Data to process =>

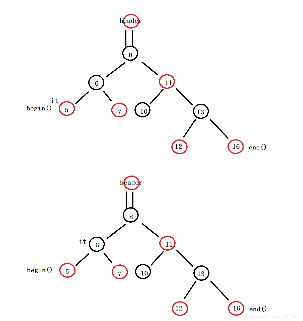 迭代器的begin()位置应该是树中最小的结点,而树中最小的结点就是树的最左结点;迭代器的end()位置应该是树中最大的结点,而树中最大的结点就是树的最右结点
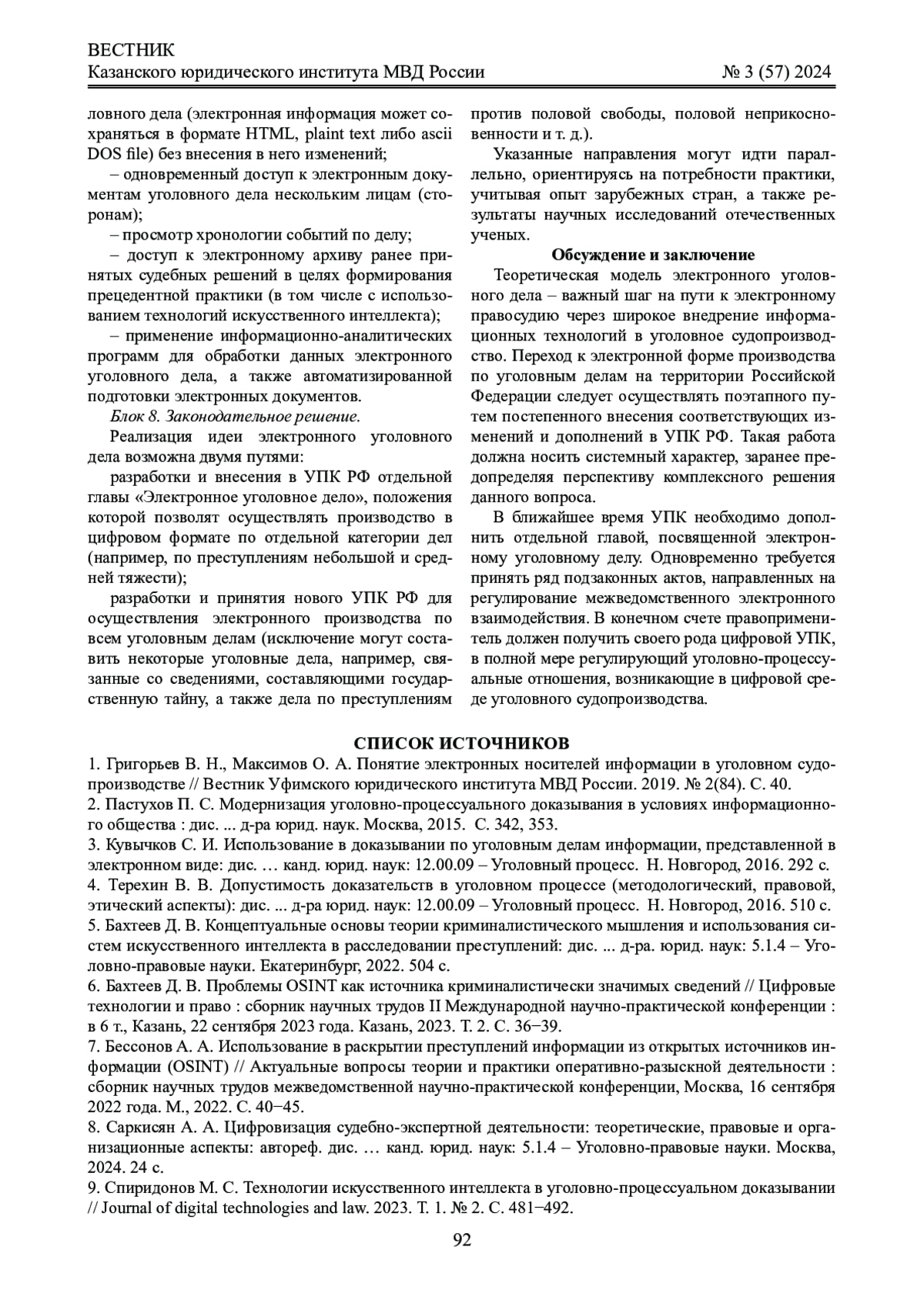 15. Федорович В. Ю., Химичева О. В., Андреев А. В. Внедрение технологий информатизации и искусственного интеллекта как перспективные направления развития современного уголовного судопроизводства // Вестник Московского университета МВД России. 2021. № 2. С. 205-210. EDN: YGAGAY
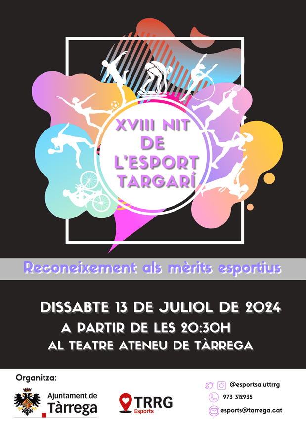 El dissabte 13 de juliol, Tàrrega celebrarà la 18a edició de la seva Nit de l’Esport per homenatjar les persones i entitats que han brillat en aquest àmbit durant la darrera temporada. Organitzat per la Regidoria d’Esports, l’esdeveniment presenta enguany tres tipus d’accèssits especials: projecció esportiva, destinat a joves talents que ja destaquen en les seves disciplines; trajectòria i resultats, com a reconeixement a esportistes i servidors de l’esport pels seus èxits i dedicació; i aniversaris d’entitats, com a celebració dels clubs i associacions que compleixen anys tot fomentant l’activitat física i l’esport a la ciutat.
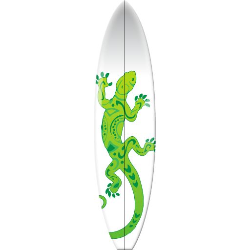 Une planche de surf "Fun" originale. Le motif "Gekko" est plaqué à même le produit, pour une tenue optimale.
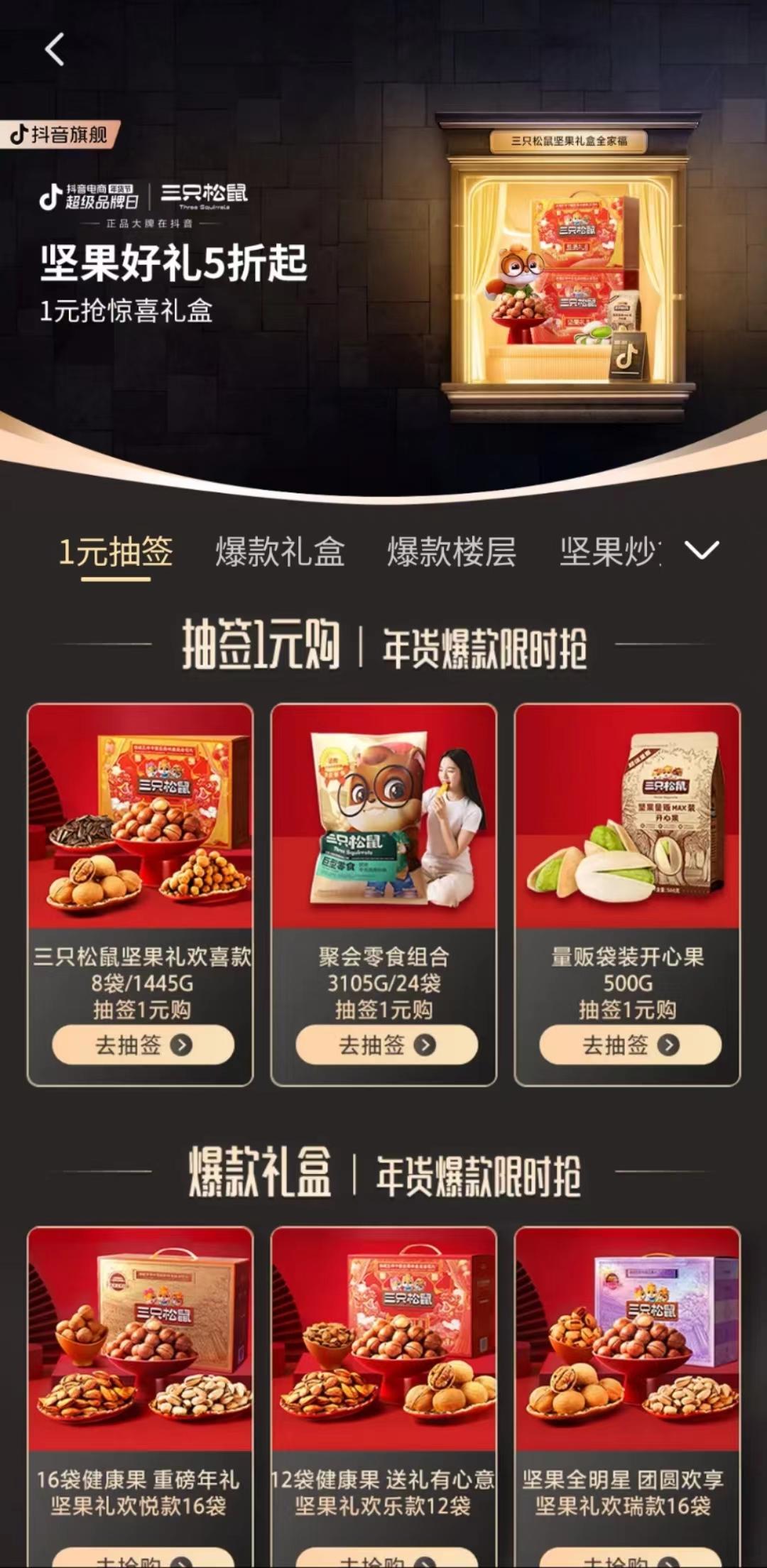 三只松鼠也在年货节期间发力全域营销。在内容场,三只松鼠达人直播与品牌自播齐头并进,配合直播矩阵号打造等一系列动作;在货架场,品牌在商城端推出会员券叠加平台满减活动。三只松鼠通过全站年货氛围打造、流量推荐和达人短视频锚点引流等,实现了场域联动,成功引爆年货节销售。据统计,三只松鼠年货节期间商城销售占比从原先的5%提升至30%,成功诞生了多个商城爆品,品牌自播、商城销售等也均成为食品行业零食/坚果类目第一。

* * *

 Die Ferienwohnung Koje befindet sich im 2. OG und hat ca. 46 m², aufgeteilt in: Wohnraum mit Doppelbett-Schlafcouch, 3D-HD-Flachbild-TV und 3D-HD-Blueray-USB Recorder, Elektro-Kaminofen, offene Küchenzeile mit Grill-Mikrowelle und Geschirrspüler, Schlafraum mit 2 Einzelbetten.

--

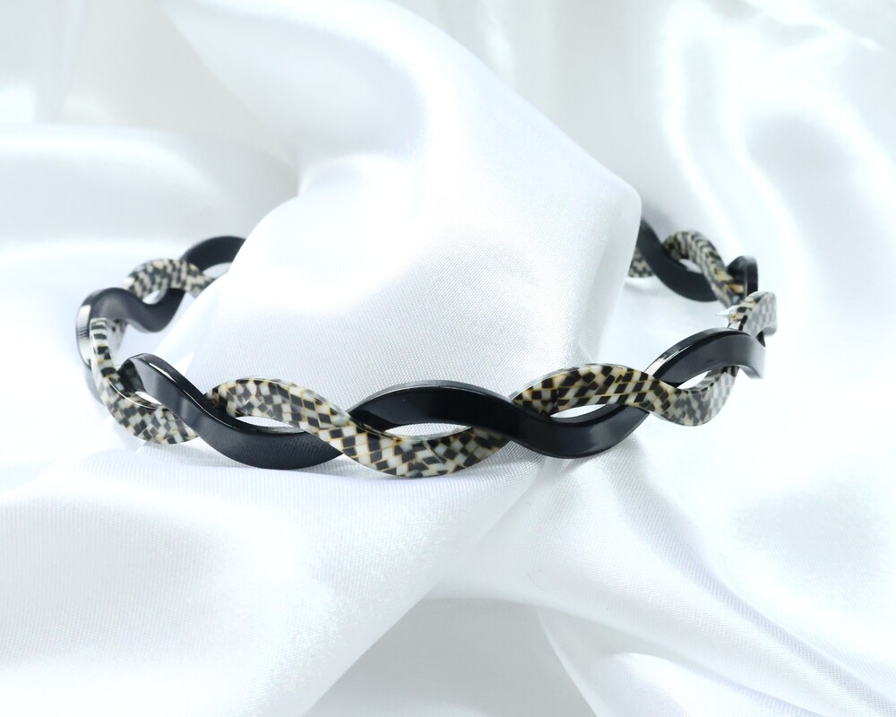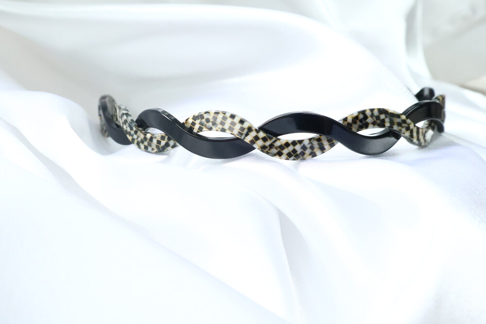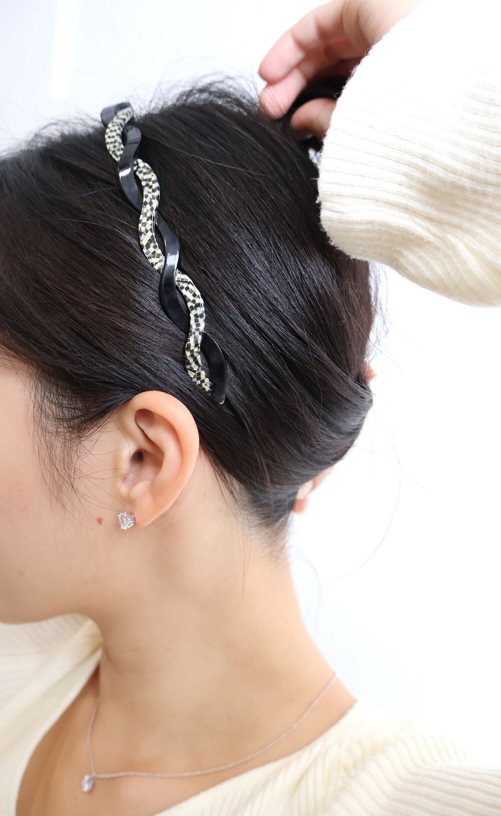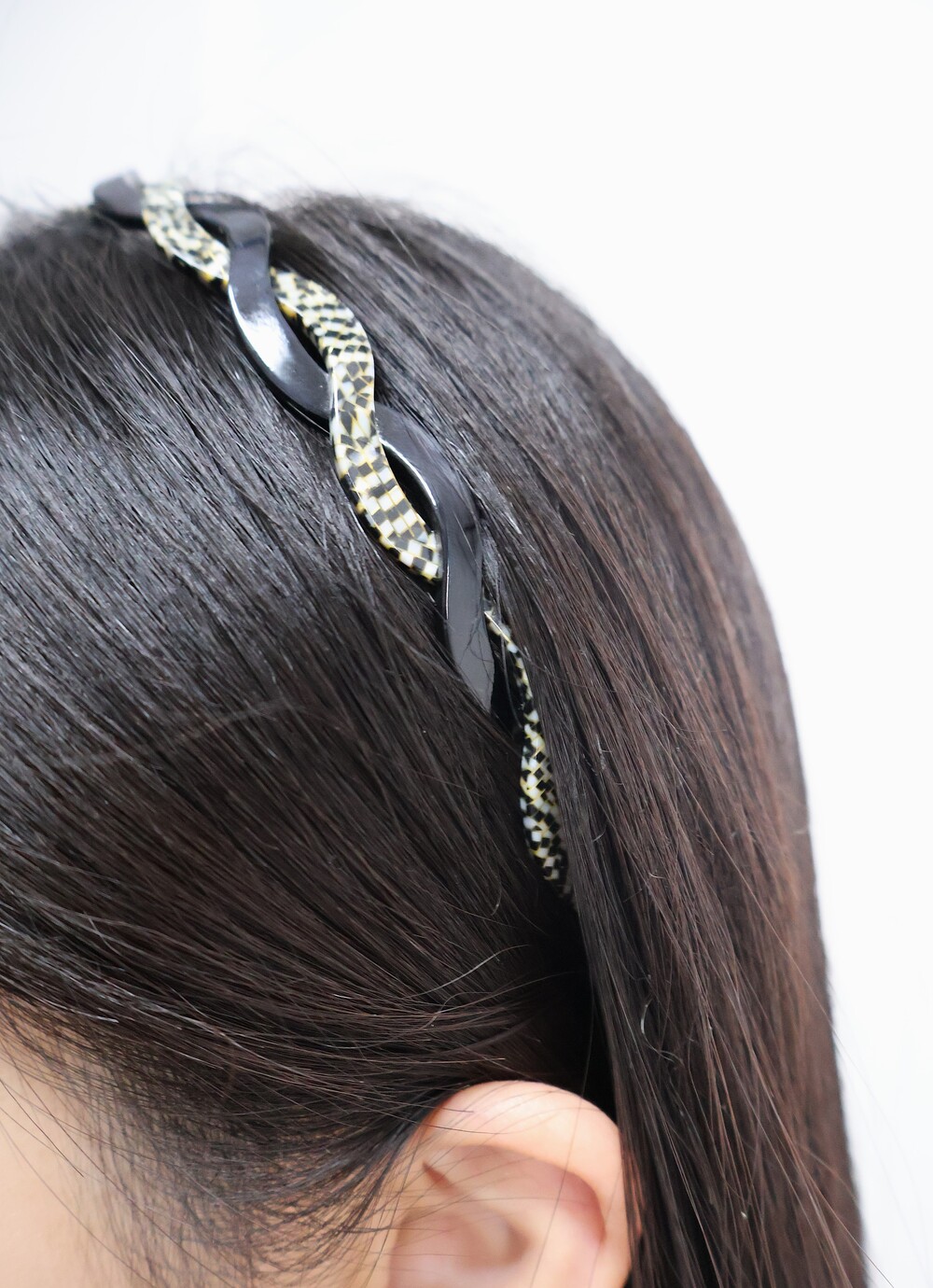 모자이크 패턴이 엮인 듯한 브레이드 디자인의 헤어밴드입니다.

Aim of the task => With the pictures removed from your copy, retype the lines above from the one that contains "15. Федорович В." through the one that contains "三只松鼠也在年货节期间发力全", exactly.

Answer box =>
 15. Федорович В. Ю., Химичева О. В., Андреев А. В. Внедрение технологий информатизации и искусственного интеллекта как перспективные направления развития современного уголовного судопроизводства // Вестник Московского университета МВД России. 2021. № 2. С. 205-210. EDN: YGAGAY
 El dissabte 13 de juliol, Tàrrega celebrarà la 18a edició de la seva Nit de l’Esport per homenatjar les persones i entitats que han brillat en aquest àmbit durant la darrera temporada. Organitzat per la Regidoria d’Esports, l’esdeveniment presenta enguany tres tipus d’accèssits especials: projecció esportiva, destinat a joves talents que ja destaquen en les seves disciplines; trajectòria i resultats, com a reconeixement a esportistes i servidors de l’esport pels seus èxits i dedicació; i aniversaris d’entitats, com a celebració dels clubs i associacions que compleixen anys tot fomentant l’activitat física i l’esport a la ciutat.
 Une planche de surf "Fun" originale. Le motif "Gekko" est plaqué à même le produit, pour une tenue optimale.
 三只松鼠也在年货节期间发力全域营销。在内容场,三只松鼠达人直播与品牌自播齐头并进,配合直播矩阵号打造等一系列动作;在货架场,品牌在商城端推出会员券叠加平台满减活动。三只松鼠通过全站年货氛围打造、流量推荐和达人短视频锚点引流等,实现了场域联动,成功引爆年货节销售。据统计,三只松鼠年货节期间商城销售占比从原先的5%提升至30%,成功诞生了多个商城爆品,品牌自播、商城销售等也均成为食品行业零食/坚果类目第一。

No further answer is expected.